Spider9 Inc.
- Company type: Private
- Industry: Environmental Technology
- Founded: 2011
- Founders: Glynne Townsend, CEO Dave Park, COO Bill Beckman CFO
- Headquarters: Northville, MI, United States
- Products: Advanced control systems for batteries and solar fields
- Number of employees: 10-50
- Website: www.spider9.com

= Spider9 =

Spider9 Inc. is an American environmental technologies company headquartered in Northville, MI which develops and manufactures advanced control systems for energy storage and solar fields. It was founded in 2011 by Glynne Townsend (A123 Systems), Dave Park (former Vice President of Production at Wave Crest Energy Systems), Dave Smith (former chairman of USABC), and Bill Beckman (former Vice President of Finance at Johnson Controls).
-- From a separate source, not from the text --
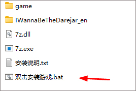 1、在本站下载压缩包后解压,得到i wanna be the darejar游戏包,双击安装游戏.bat文件,会弹出弹窗,无需操作点击任意键退出即可;
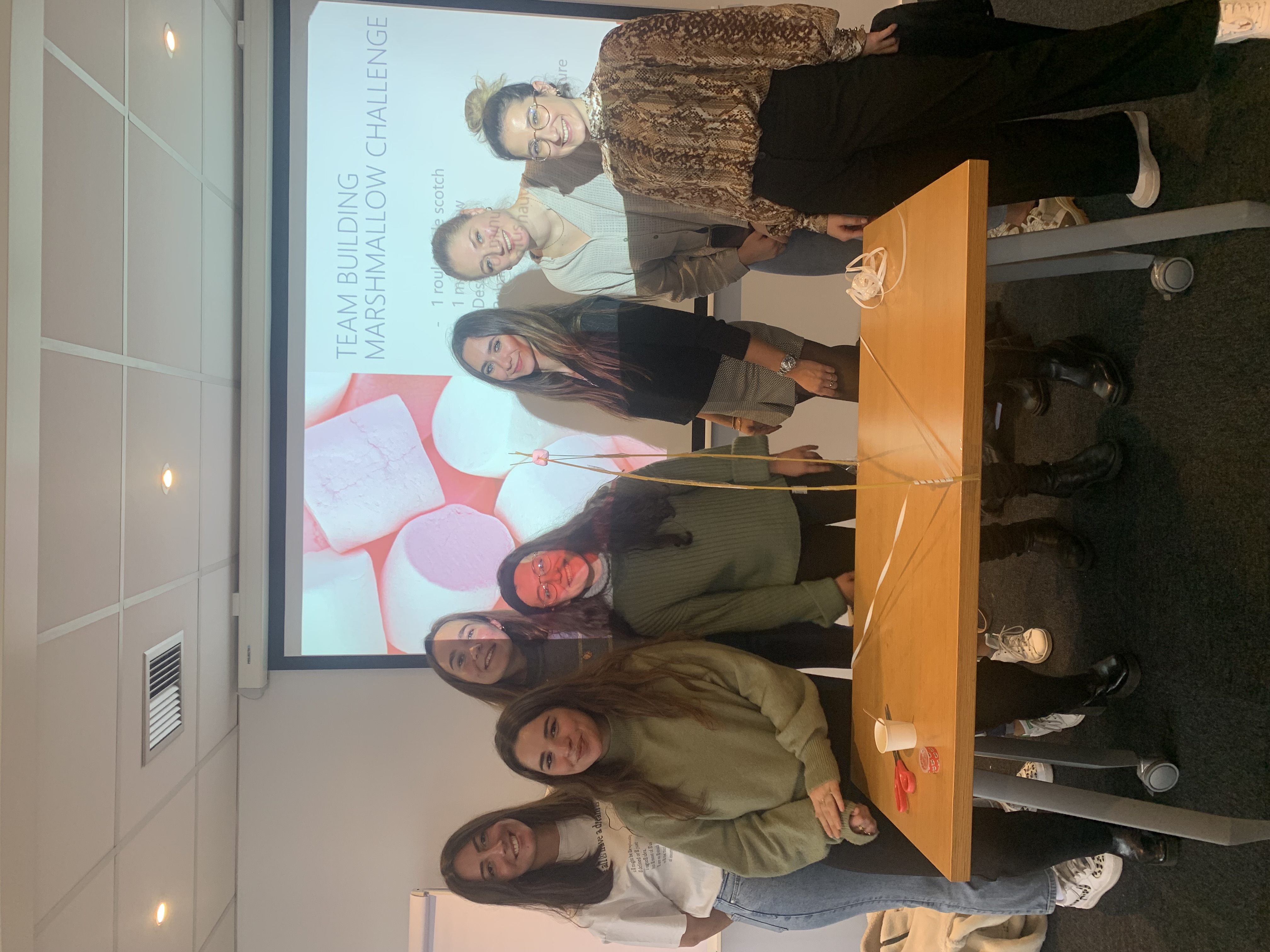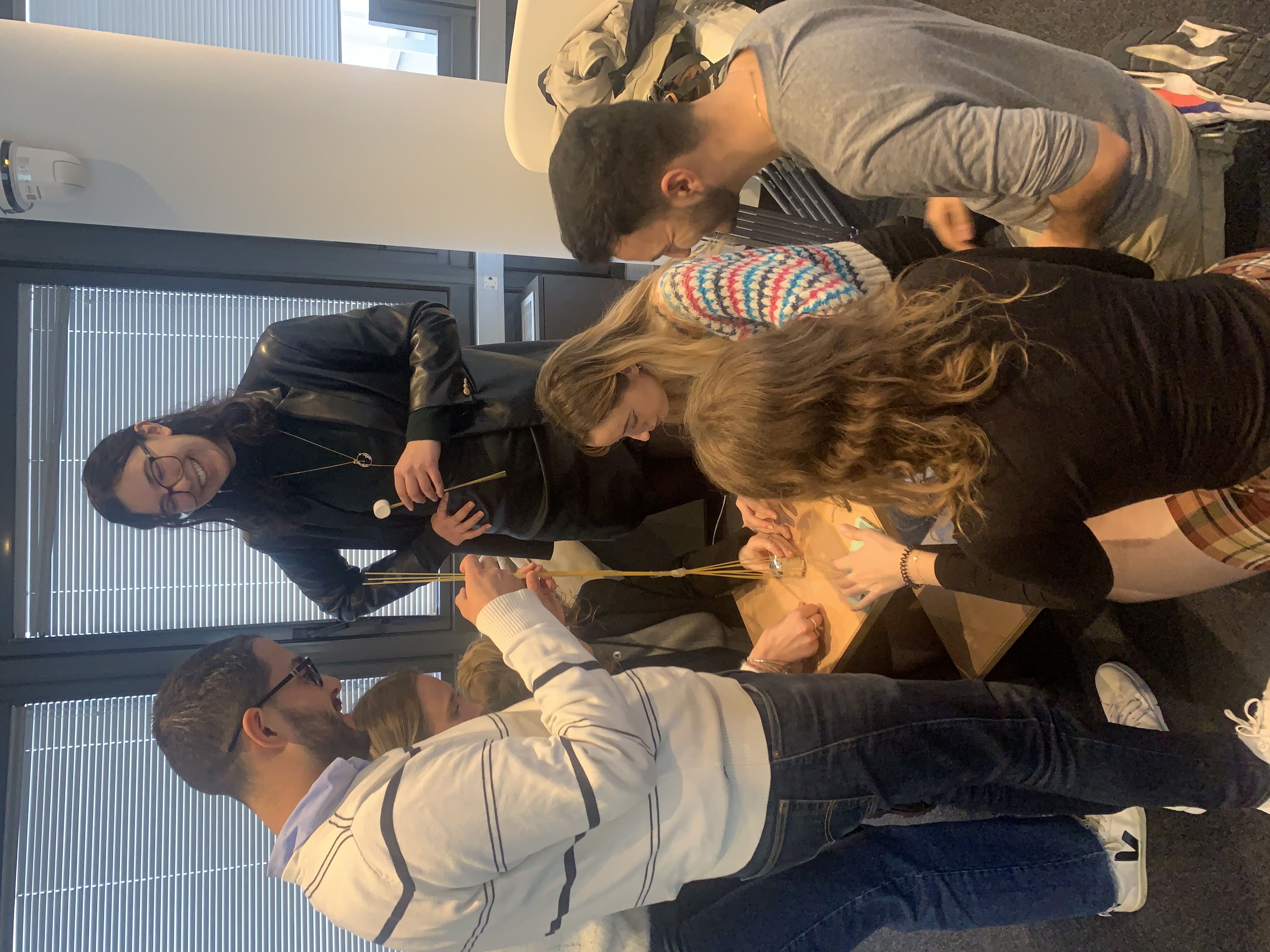 - Afin que tous puissent apprendre à mieux se connaitre, ils ont pu participer à un team building: le marshmallow challenge. Le concept ? A l'aide d'un rouleau de scotch, 1 marshmallow, 30 spaghettis et du ruban, ils doivent construire la plus haute structure. Attention ! Celle-ci doit tenir !

Spider9 acquired control system technology from the University of Michigan, Office of Technology Transfer and is developing the technology at their facilities at the Water Wheel Centre, in the historic Ford Valve Plant.

== History ==
Spider9 was founded on control system technology patents licensed from the University of Michigan Real-Time Computing Laboratory. In the summer of 2011, the Spider9 leadership team brought the technology out of the Office of Technology Transfer, where it had been incubating. In July 2011, Spider9 pivoted the technology's business plan to target grid energy storage and solar field optimization rather than electric vehicles. On November 3, 2011, Spider9 received a Michigan Economic Development Corporation (MEDC) grant to install a solar field on the roof of the Water Wheel Centre in Northville, MI.

== Technology ==
Spider9 systems are capable of reconfiguring the architecture of systems through in-house developed hardware and software algorithms. Using a Spider9 system, individual cells and panels are monitored and managed. The system architecture is dynamically reconfigured around the components to deliver a consistent voltage output, compensating for performance variances and failures.

== Facilities ==
Spider9's facilities are equipped with a waterwheel designed by Albert Kahn (architect) which once provided constant, sustainable hydroelectric power to the facility. The waterwheel no longer fulfills the electricity needs of the building. Spider9 is designing a control system for an 85 kW rooftop solar field with backup battery storage to supply the building with renewable power.